▶ Task directions
Set the listing down again exactly, please, apart from its pictures.

Given information START

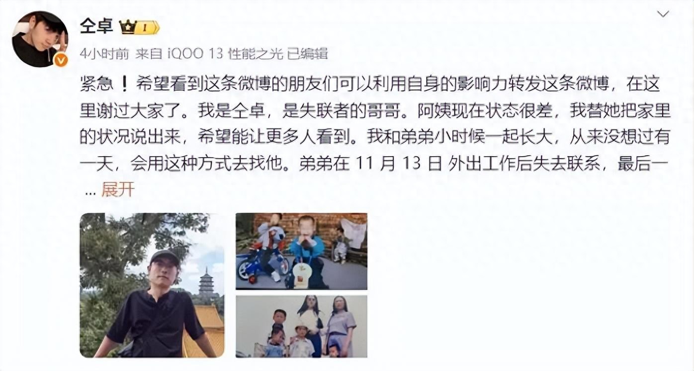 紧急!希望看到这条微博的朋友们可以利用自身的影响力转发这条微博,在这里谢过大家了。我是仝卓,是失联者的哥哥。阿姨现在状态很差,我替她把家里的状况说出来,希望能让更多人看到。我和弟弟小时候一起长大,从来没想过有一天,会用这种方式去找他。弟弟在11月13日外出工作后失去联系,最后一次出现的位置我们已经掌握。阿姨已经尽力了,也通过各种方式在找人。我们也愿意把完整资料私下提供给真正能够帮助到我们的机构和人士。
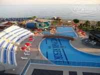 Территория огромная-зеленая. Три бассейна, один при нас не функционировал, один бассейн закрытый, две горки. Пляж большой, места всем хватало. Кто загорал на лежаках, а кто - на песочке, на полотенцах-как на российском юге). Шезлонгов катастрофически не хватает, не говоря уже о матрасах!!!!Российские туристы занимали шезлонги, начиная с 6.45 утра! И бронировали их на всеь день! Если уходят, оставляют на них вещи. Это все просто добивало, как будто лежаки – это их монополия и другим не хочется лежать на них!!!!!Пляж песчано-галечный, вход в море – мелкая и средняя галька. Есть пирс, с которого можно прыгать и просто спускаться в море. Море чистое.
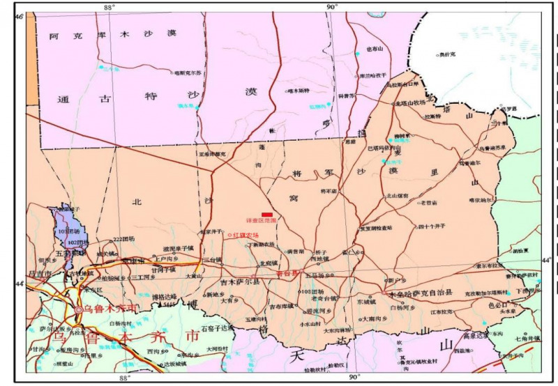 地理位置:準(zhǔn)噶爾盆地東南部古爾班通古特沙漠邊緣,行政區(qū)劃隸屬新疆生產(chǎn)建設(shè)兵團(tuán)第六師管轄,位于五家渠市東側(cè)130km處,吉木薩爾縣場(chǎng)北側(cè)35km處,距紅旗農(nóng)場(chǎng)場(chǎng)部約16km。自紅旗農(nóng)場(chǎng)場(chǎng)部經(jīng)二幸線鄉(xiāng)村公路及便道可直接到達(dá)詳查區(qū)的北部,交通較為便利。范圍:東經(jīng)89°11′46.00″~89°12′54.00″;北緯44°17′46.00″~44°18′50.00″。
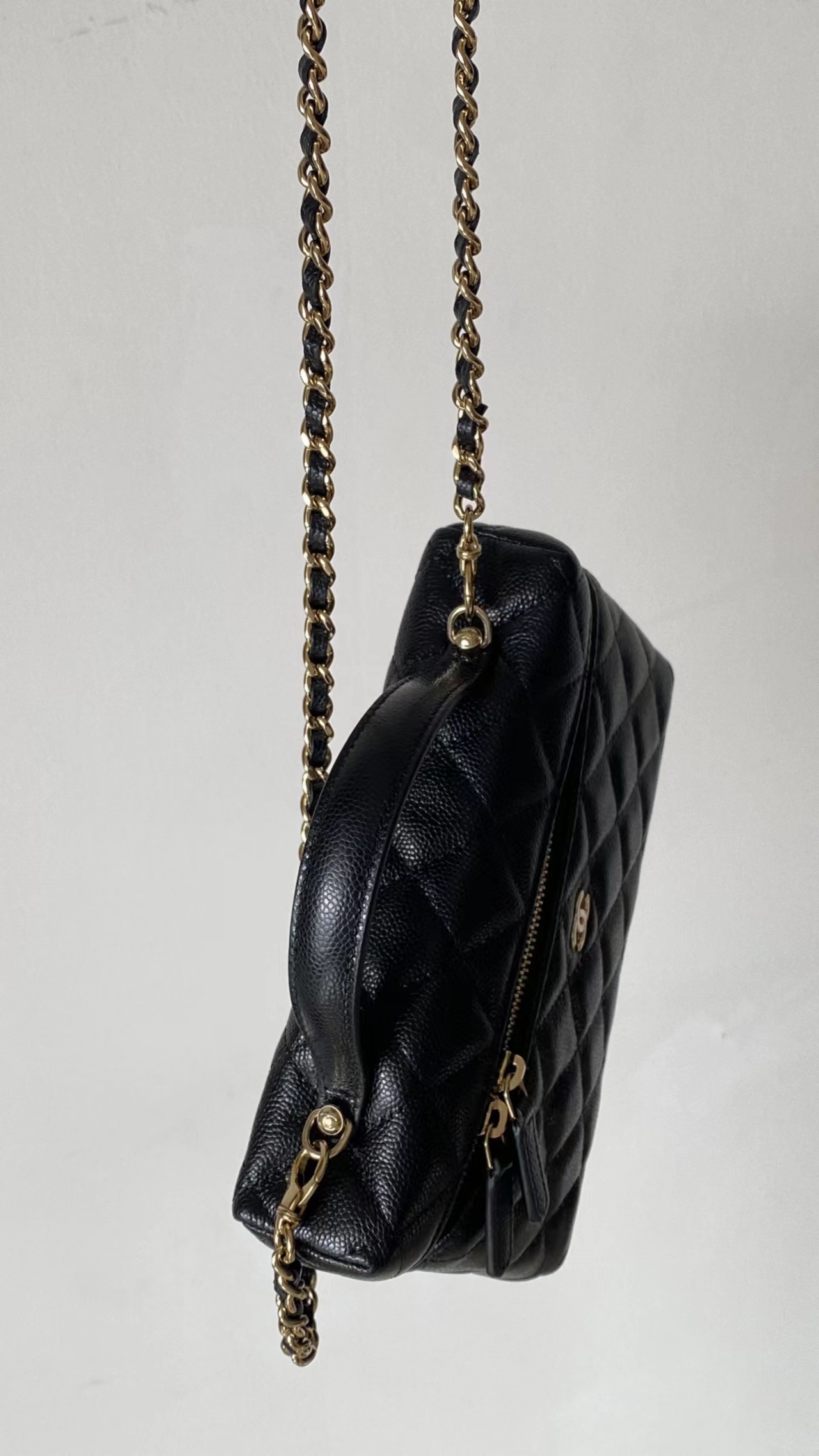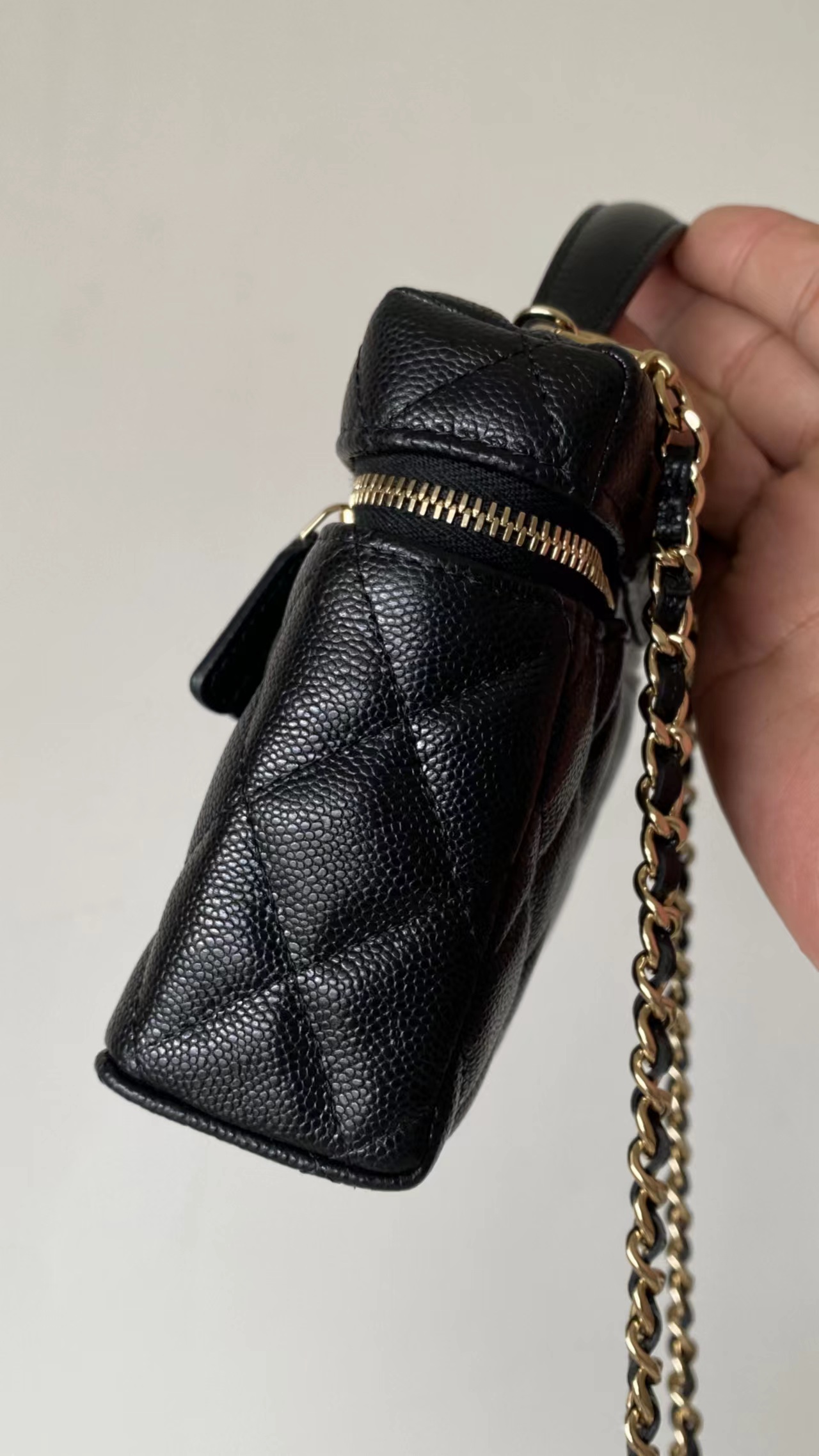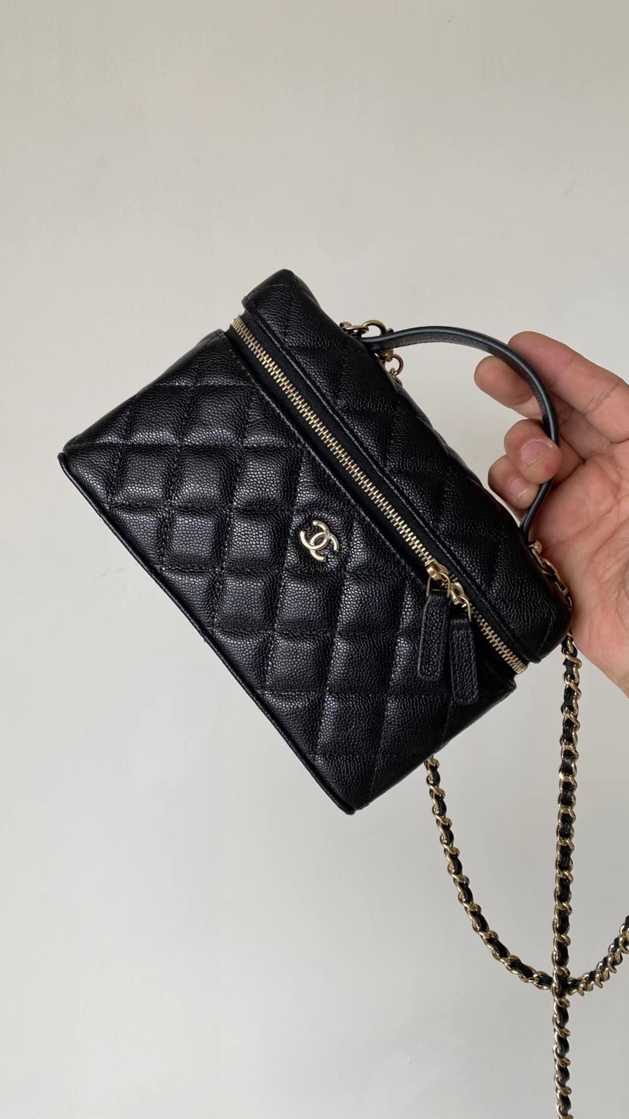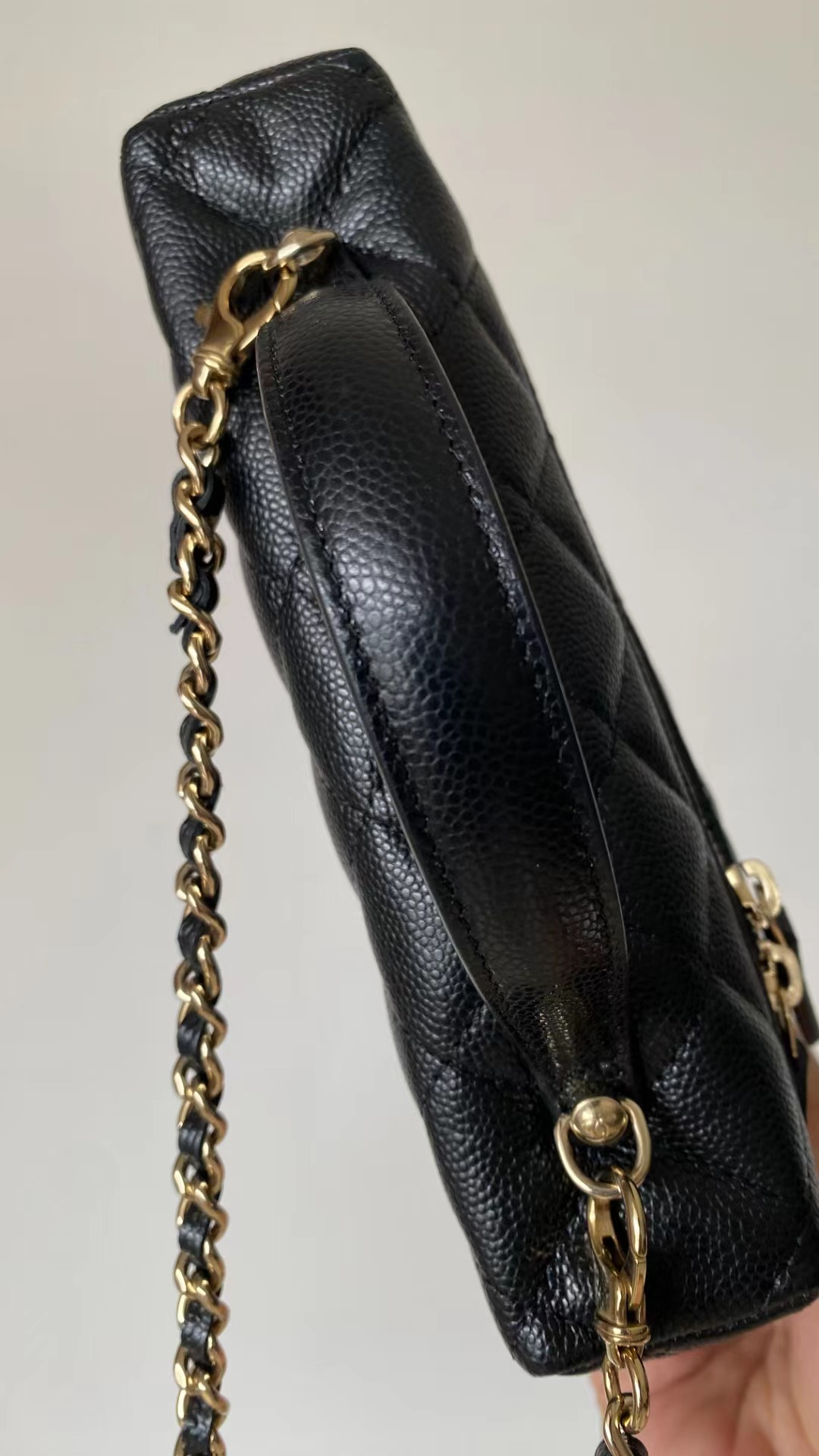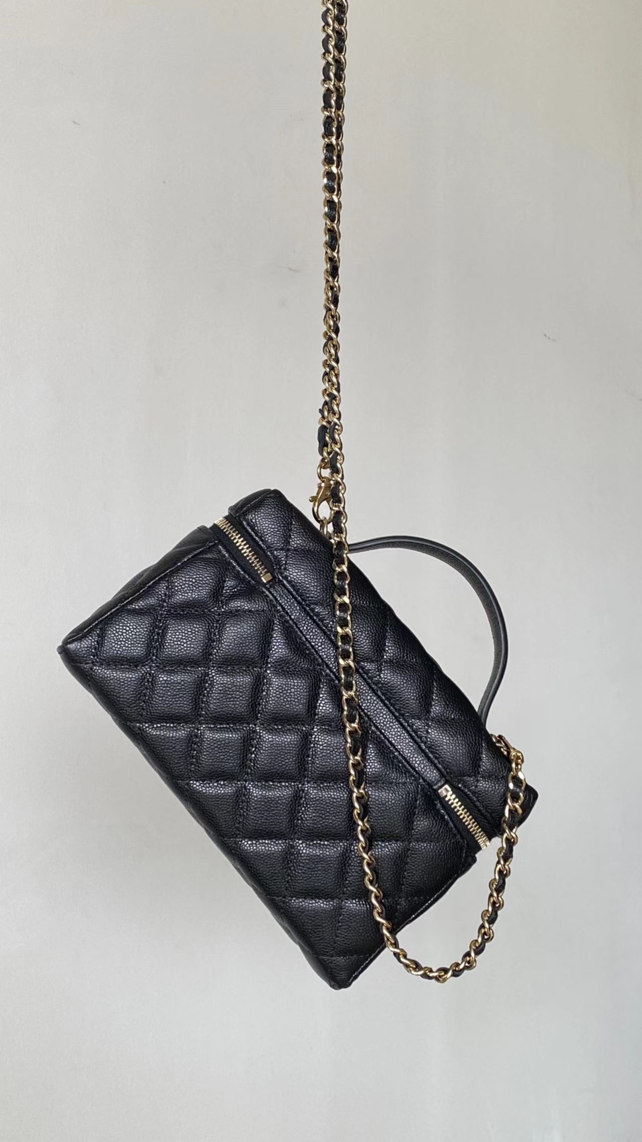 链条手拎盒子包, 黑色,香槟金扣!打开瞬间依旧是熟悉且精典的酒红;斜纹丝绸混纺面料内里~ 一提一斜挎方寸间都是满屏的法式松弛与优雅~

Given information END

▶ Your solution
 紧急!希望看到这条微博的朋友们可以利用自身的影响力转发这条微博,在这里谢过大家了。我是仝卓,是失联者的哥哥。阿姨现在状态很差,我替她把家里的状况说出来,希望能让更多人看到。我和弟弟小时候一起长大,从来没想过有一天,会用这种方式去找他。弟弟在11月13日外出工作后失去联系,最后一次出现的位置我们已经掌握。阿姨已经尽力了,也通过各种方式在找人。我们也愿意把完整资料私下提供给真正能够帮助到我们的机构和人士。
 Территория огромная-зеленая. Три бассейна, один при нас не функционировал, один бассейн закрытый, две горки. Пляж большой, места всем хватало. Кто загорал на лежаках, а кто - на песочке, на полотенцах-как на российском юге). Шезлонгов катастрофически не хватает, не говоря уже о матрасах!!!!Российские туристы занимали шезлонги, начиная с 6.45 утра! И бронировали их на всеь день! Если уходят, оставляют на них вещи. Это все просто добивало, как будто лежаки – это их монополия и другим не хочется лежать на них!!!!!Пляж песчано-галечный, вход в море – мелкая и средняя галька. Есть пирс, с которого можно прыгать и просто спускаться в море. Море чистое.
 地理位置:準(zhǔn)噶爾盆地東南部古爾班通古特沙漠邊緣,行政區(qū)劃隸屬新疆生產(chǎn)建設(shè)兵團(tuán)第六師管轄,位于五家渠市東側(cè)130km處,吉木薩爾縣場(chǎng)北側(cè)35km處,距紅旗農(nóng)場(chǎng)場(chǎng)部約16km。自紅旗農(nóng)場(chǎng)場(chǎng)部經(jīng)二幸線鄉(xiāng)村公路及便道可直接到達(dá)詳查區(qū)的北部,交通較為便利。范圍:東經(jīng)89°11′46.00″~89°12′54.00″;北緯44°17′46.00″~44°18′50.00″。
 链条手拎盒子包, 黑色,香槟金扣!打开瞬间依旧是熟悉且精典的酒红;斜纹丝绸混纺面料内里~ 一提一斜挎方寸间都是满屏的法式松弛与优雅~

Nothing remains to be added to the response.